Summit Ridge Wood Design caskets are usually made with aromatic cedar and are lined with a Pendleton blanket in eight colors, including a nonpatterned white. Lin was persevering in establishing an account with Pendleton specifically for their Southwest casket designs.

Another personal touch the Benelis add is laser-engraved artwork for the inside panel. The caskets can feature artwork of Southwest landscapes, including with American Indian, Diné, Western, cowboy, nature, military and religious motifs.

Caskets are shipped anywhere, via truck to Albuquerque and mostly flown on Delta or United Airlines to places as far away as Texas, California, Minnesota, Virginia and Louisiana.

Their Colorado market is expanding north, with cowboys and ranchers appreciating the distinctive touches of the laser wood art and Pendletons.

The Benelis have developed good relations with Four Corners area and Colorado morticians, who have become aware of the caskets through their customers' requests.

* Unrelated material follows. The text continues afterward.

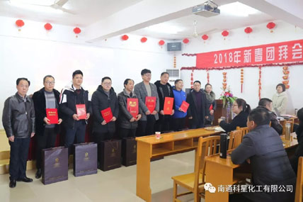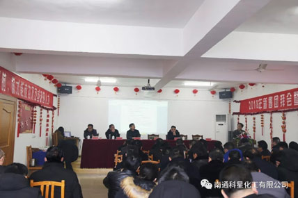 白甸鎮(zhèn)黨委副書(shū)記、鎮(zhèn)長(zhǎng)許栩親臨年會(huì)現(xiàn)場(chǎng)致賀辭。集團(tuán)董事長(zhǎng)吳龍鐵先生、科星公司總經(jīng)理傅士超先生等領(lǐng)導(dǎo)與會(huì)做報(bào)告。傅總經(jīng)理對(duì)上年度工作進(jìn)行了務(wù)實(shí)的總結(jié),表彰了工作表現(xiàn)優(yōu)秀的員工。吳董事長(zhǎng)展望2018年度預(yù)期銷(xiāo)售目標(biāo)達(dá)到2億元,制定了2019-2023年五年規(guī)劃:科星化工實(shí)現(xiàn)銷(xiāo)售收入5億元,江蘇科星新材料集團(tuán)累計(jì)銷(xiāo)售收入10億元,爭(zhēng)取創(chuàng)業(yè)板成功上市。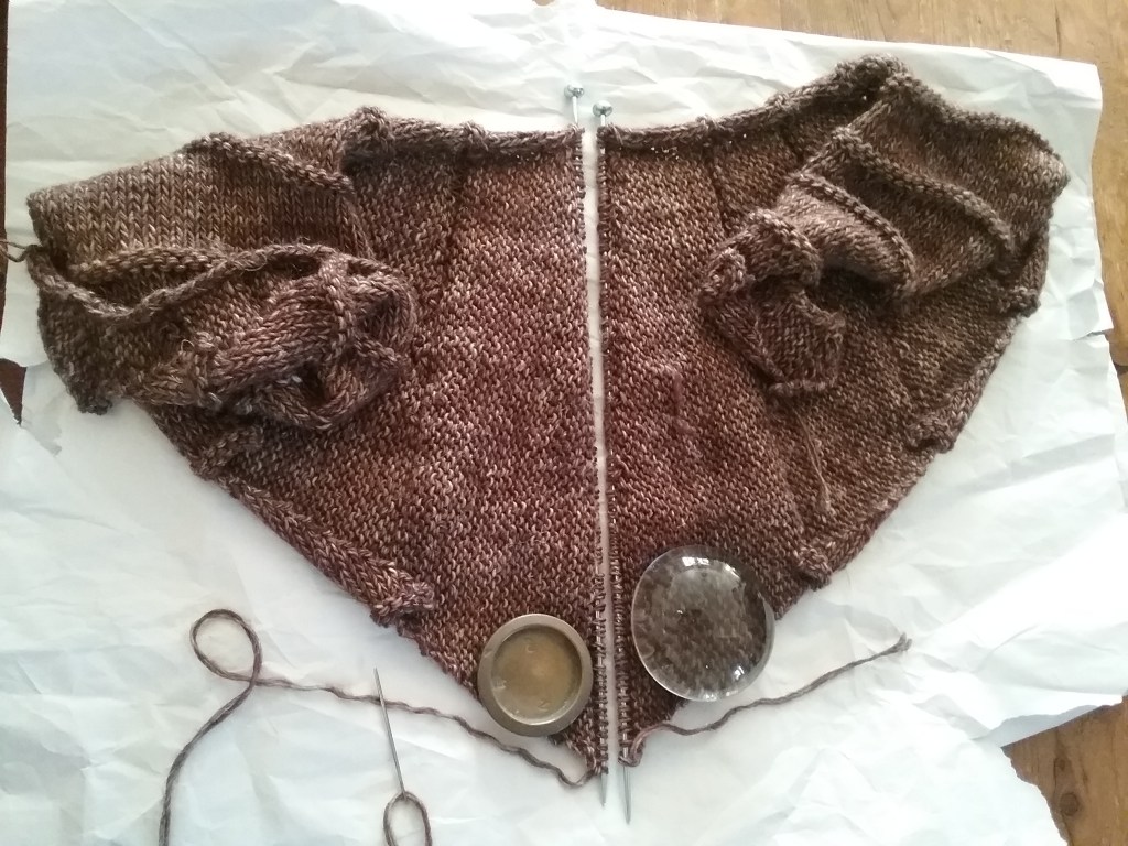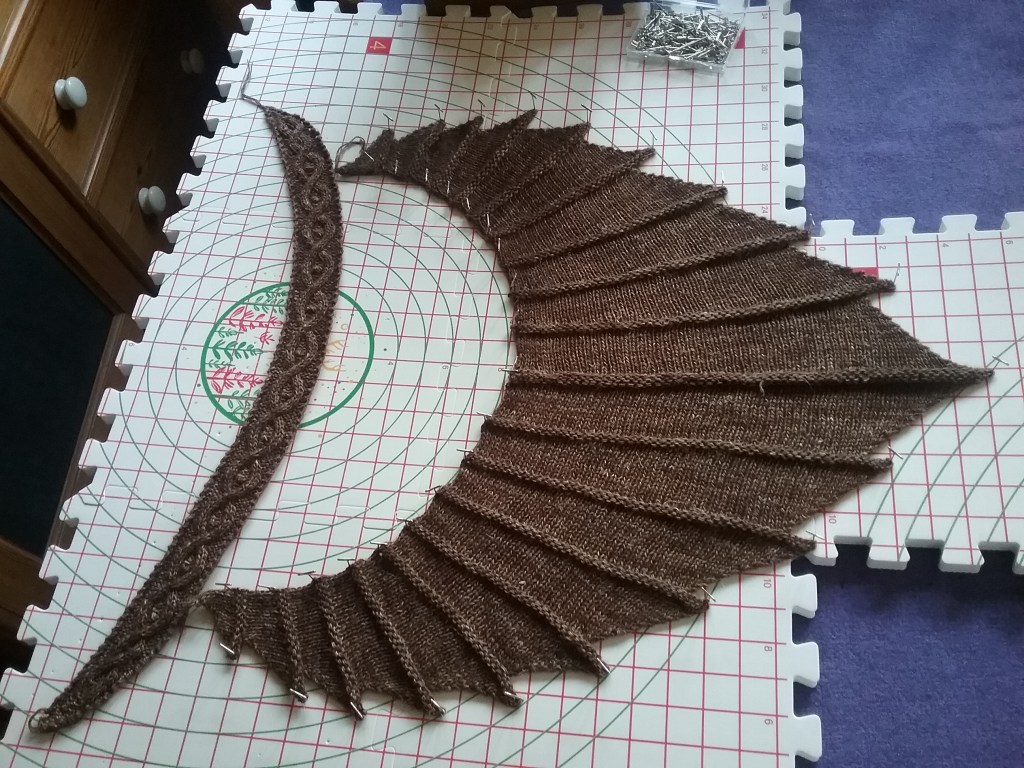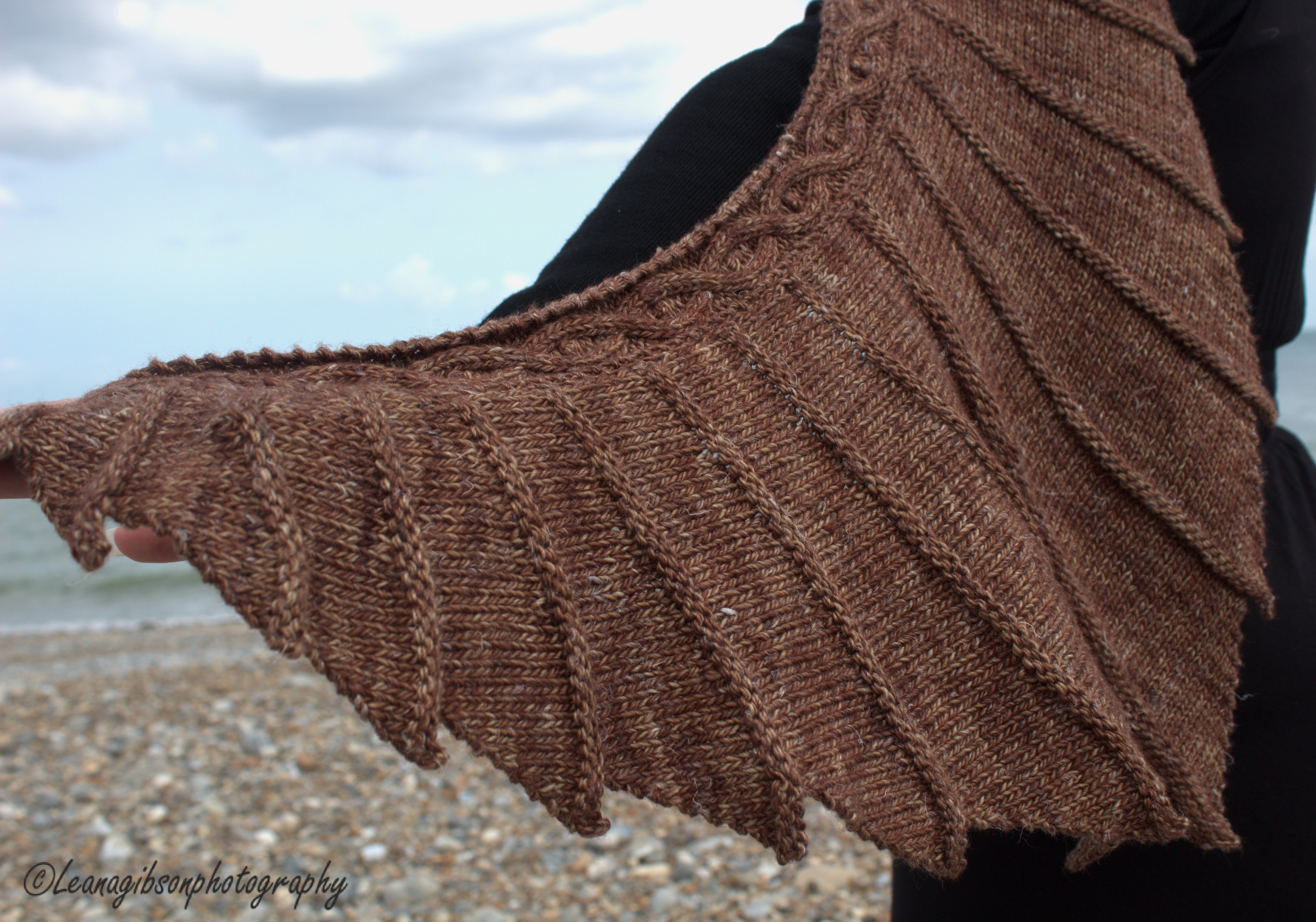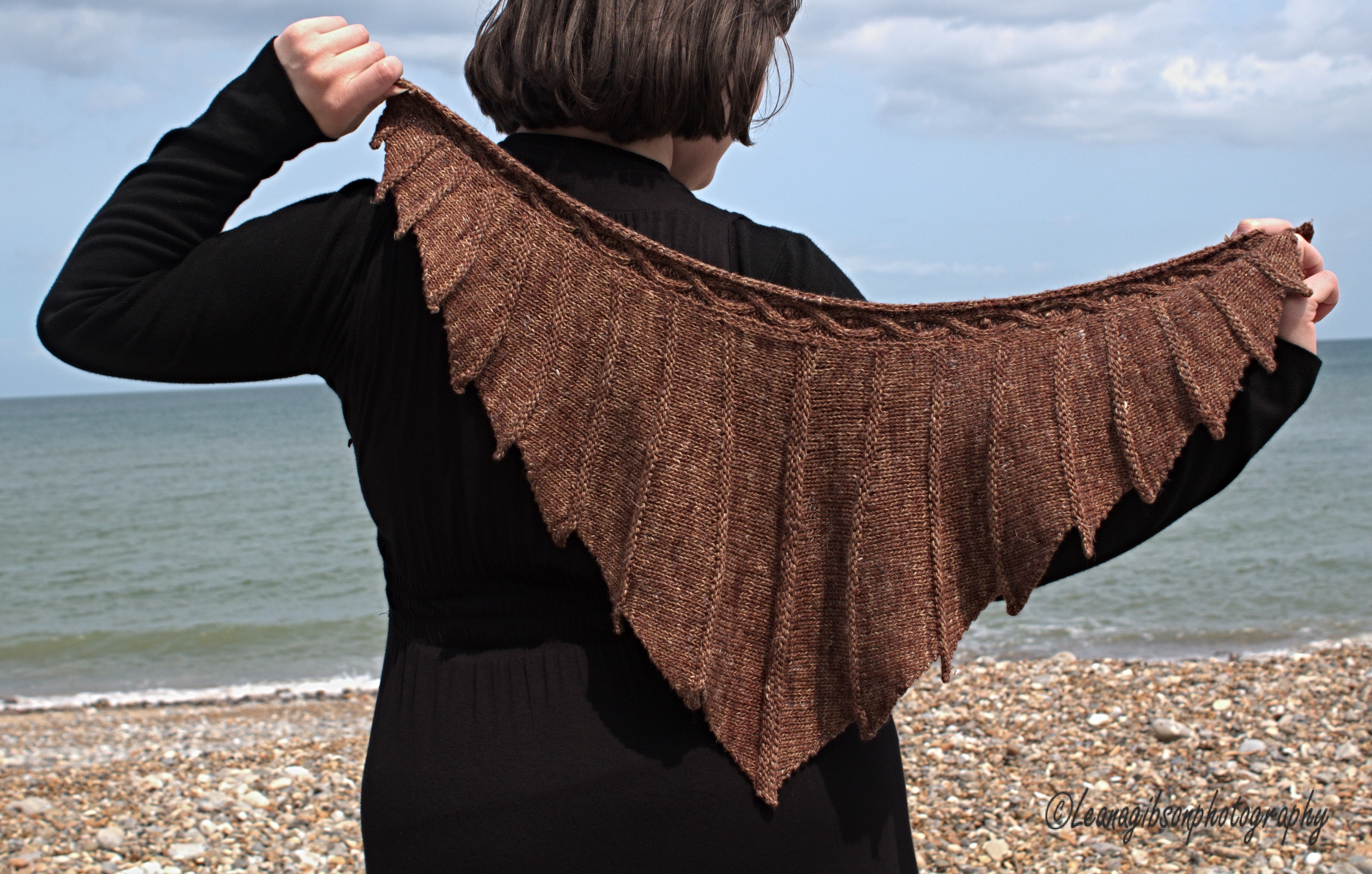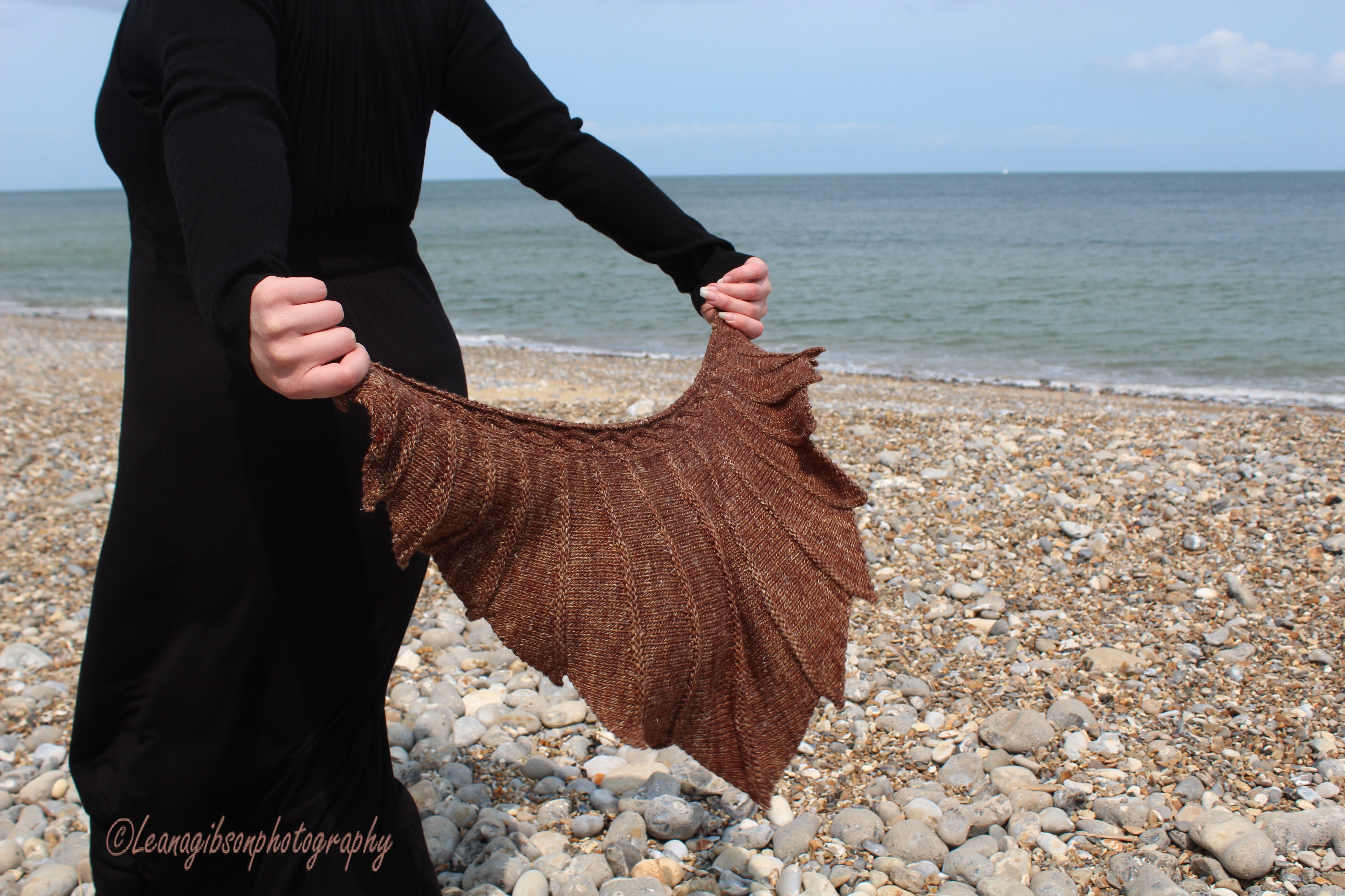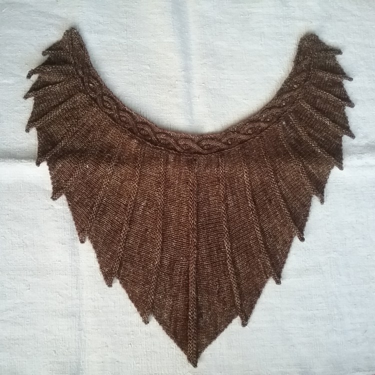 Like many crafters, some yarn in my stash has been hidden away patiently waiting for ‘just the right project’, but after trying to squeeze last years Tour de Fleece yarn into storage, I decided it was high time to use some of it. The yarn I used for this project was a ‘merlin singles 4ply’ in the colourway peat from a company called Knit me Sane who closed down several years ago, so the project had to take at maximum two skeins. The pattern is the small version of the Eagle Wrap from Alice Starmore’s Glamourie book which has some gorgeous designs that I’ll definitely be exploring with some of my handspun in the future.

Tobie recalls making a trip to visit funeral homes in Blanding, Utah, and Tuba City, Flagstaff, Winslow and Holbrook, Ariz. Each place he went, he saw grieving Diné families struggling with the dominant society's handling of death.

"One big thing that we always hear is that our product and service makes people feel better," Tobie says. "They always tell us that."

Eighty percent of their casket business is to American Indians, mostly Diné.

Someone needs to do something, he thought to himself. So many people can't afford the funeral costs.

"It just happened," Lin adds. "We did not expect (this venture) to reach the sales figures we have."

Nowadays Tobie reads more books on manufacturing and technology than on the hands-on craft of woodworking.

Lin manages the business end, with communications and marketing, and Tobie manages the shop and the technology.

Three years ago, with the help of Region 9 Economic Development District, they purchased a large Thermwood CNC router and added a new, temporary building.

CNC stands for computer numerical control and refers specifically to a computer "controller" that reads coded instructions and drives the machine tool.

Robotic in nature, these machines have radically changed manufacturing industries since curves are as easy to cut as straight lines and the number of machining steps previously requiring human action has been dramatically reduced.

Controlled directly from files created by computer-aided manufacturing software packages, CNC machines can take a part or assembly directly from design to manufacture without the need for a drafted paper drawing.

Tobie "loves" the router, which has made it possible to add employees and expand his product line.

Summit Ridge Wood Design started in the Beneli garage. In 1993, they added on, adding to their facilities six times altogether.

They are trying to manage the growth of their business, which also produces household and business cabinetry, entertainment centers and bars, signage, plaques and awards, and furniture, in a steady, maintainable way.

The Benelis now have a crew of eight to nine full- and part-time employees. The number fluctuates seasonally. One employee has been with them from almost the beginning, and has been of invaluable assistance.

"The big reason for our growth is because we've had good intentions when we started our business, and we've stuck to them," Tobie says.

He learned his values from his mother, who lived with them before she died at age 93.

"She raised 12 children in a dirt hogan, and made it to Washington, D.C., before she died," Tobie says with great admiration in his voice. "We came here because it felt like home. The older people, our ancestors, tell us that way back they lived in the Mancos area."

He says it is good to give back to the land what you have received from it. His work reflects that respect for the world.